1. Prepare the bacon:cut the bacon into 1/4 inch by 1 1/2 inch strips or lardons, simmer in water for about 10 min, drain and dry, then sauté in 1 tbsp olive oil until brown. Remove to the casserole.
2. Prepare the beef: cut into 2 in chunks and dry thoroughly. Sauté in bacon fat and oil until brown on both sides. (TIP: do not crowd the beef or it will steam and not brown.) Remove to casserole.
3. While these are cooking peel and roughly chop the onion, peel and roughly chop the carrot, and add to the casserole with 1 whole sprig of fresh thyme, 1 fresh bay leaf and 2 mashed garlic cloves.
4. Deglaze the pan: add 2 cups of good red wine to the mix of bacon fat, oil and beef scraps. Simmer briefly and add 1 tbsp tomato paste and 2 cups beef stock.
5. Assemble the casserole and cover with the sauce so that the meat is just covered. Add up to 1 cup more red wine if necessary.
6. Heat the oven to 350oF/165oC, simmer covered for 3 hrs, checking and stirring occasionally. It’s done when the meat is tender to a fork.
7. Close to the time you want to serve prepare the onions and mushrooms. (TIP: blanch the onions in boiling water to make peeling easier.)
8. Sauté the peeled onions in butter and oil and simmer covered in 1 cup water for 25 min or until they are tender but holding their shape. (TIP: butter alone burns, heat the oil and butter together until it stops foaming.)
9. Sauté the washed and quartered mushrooms in butter and oil until lightly browned, about 5 min. (TIP: cut the stalks separately on a bias.)
10. Now’s the time to assemble everything: First take the casserole from the oven and drain the good sauce into another pan through a sieve. Discard the carrot, onion and herbs and return the beef and bacon to the casserole.
11. Taste the “wine dark sauce” (Julia’s phrase) and add salt and pepper, plus more tomato paste or garlic until it is just right, then thicken the sauce with 1 tbsp flour per cup of sauce, mixed thoroughly with approx 1 tsp butter, added and brought back to the boil briefly. (NOTE: This is Julia’s method of thickening. I prefer to make a ROUX with the same ingredients and add the sauce to the roux.
12. Add all the other ingredients and mix together. (TIP: at this stage you can cool and set the covered casserole in the fridge for up to 2 days before serving. It will taste even better. Just bring back to a simmer on the stove top before serving.)
13. Serve the beef stew in the casserole with lots of finely chopped parsley sprinkled over the top and crusty French bread on the side.
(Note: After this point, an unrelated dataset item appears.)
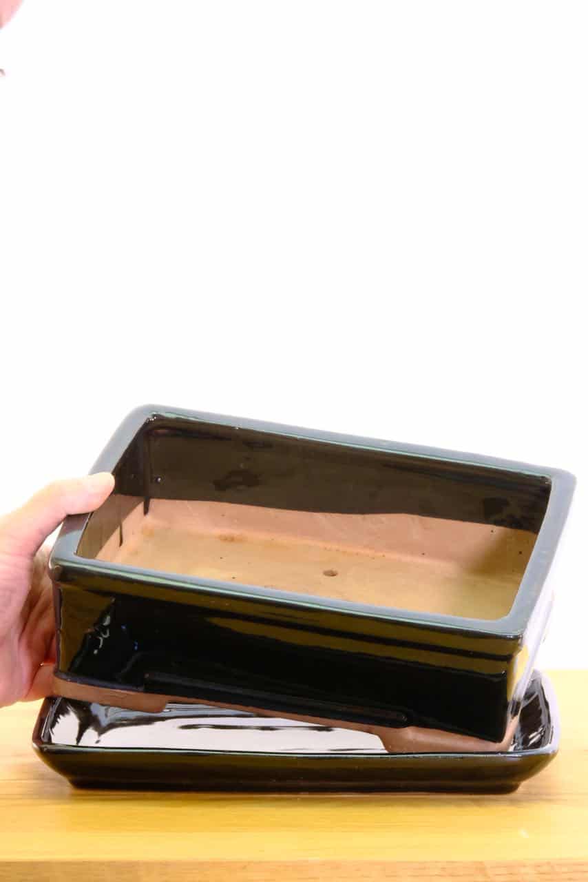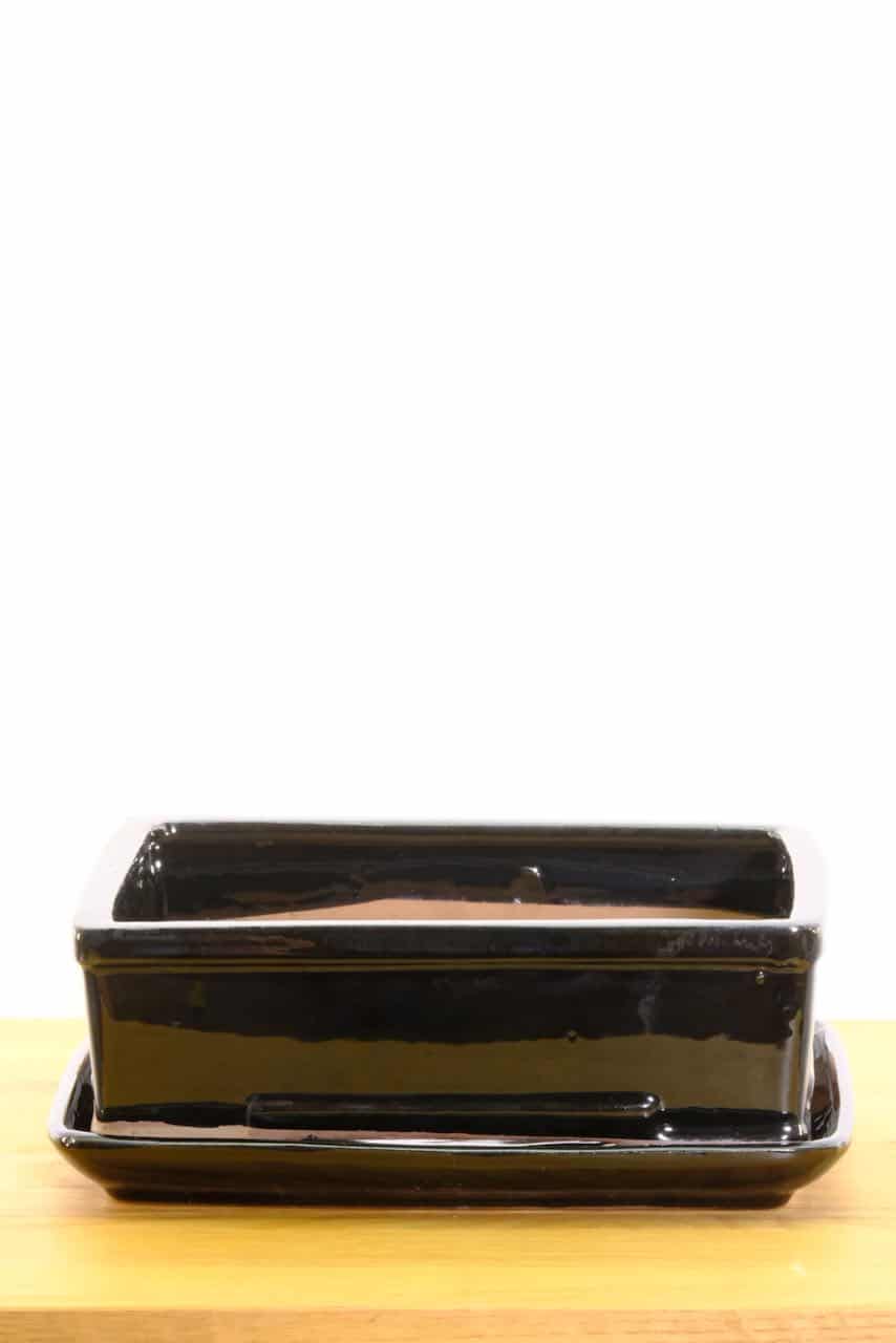 33cm XL Rectangular Glazed Black Ceramic Bonsai Pot with Matching Tray
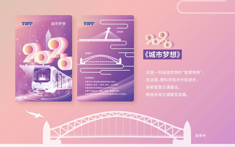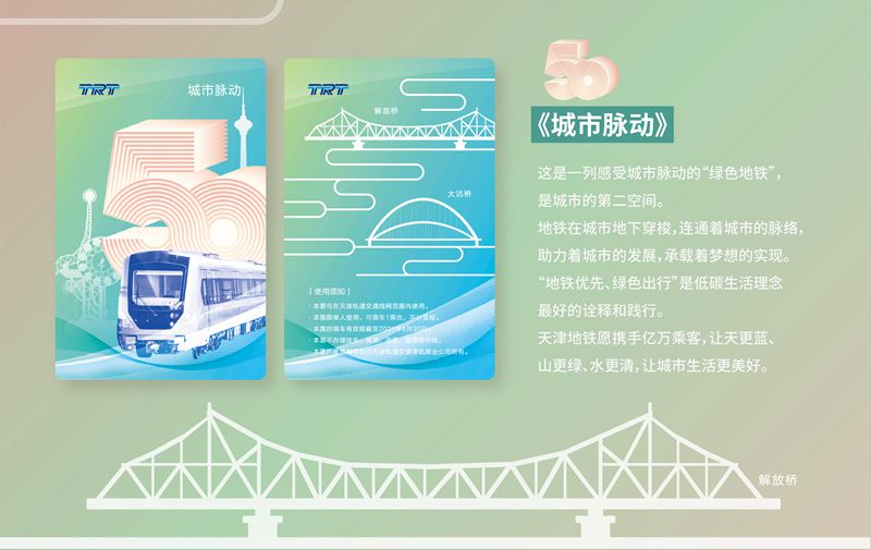 本次票卡設(shè)計(jì)創(chuàng)意由天津中車機(jī)輛裝備有限公司集團(tuán)與天津美術(shù)學(xué)院聯(lián)合策劃,并在各大高校海選,最終評定出設(shè)計(jì)成果。

70s cover intended as ironic comment

NOTE: I have modified Julia’s TV recipe with my own and used my own format, based on the one I developed for my 1974 book “How to Eat Well and Stay Single,” which includes “weapons” followed by simple to follow numbered steps. Recipes and items in CAPS refer to other items in past or future blogs or shortcuts and tips.

Ladies, please don’t be offended by the naked girl on the cover. In the 70s it was intended to be an ironic comment on the sexual mores of the day, and in my own defense, it was entirely the idea of the publisher (a woman, I might add), who discovered the model on the cover of the long defunct Success Magazine.

Each and every recipe in my blog has been personally tested, cooked and often eaten by friends.

A separate serving of vegetables is not necessary since vegetables are included in the stew, but boiled and buttered NEW POTATOES or MASHED POTATOES make a fine accompaniment.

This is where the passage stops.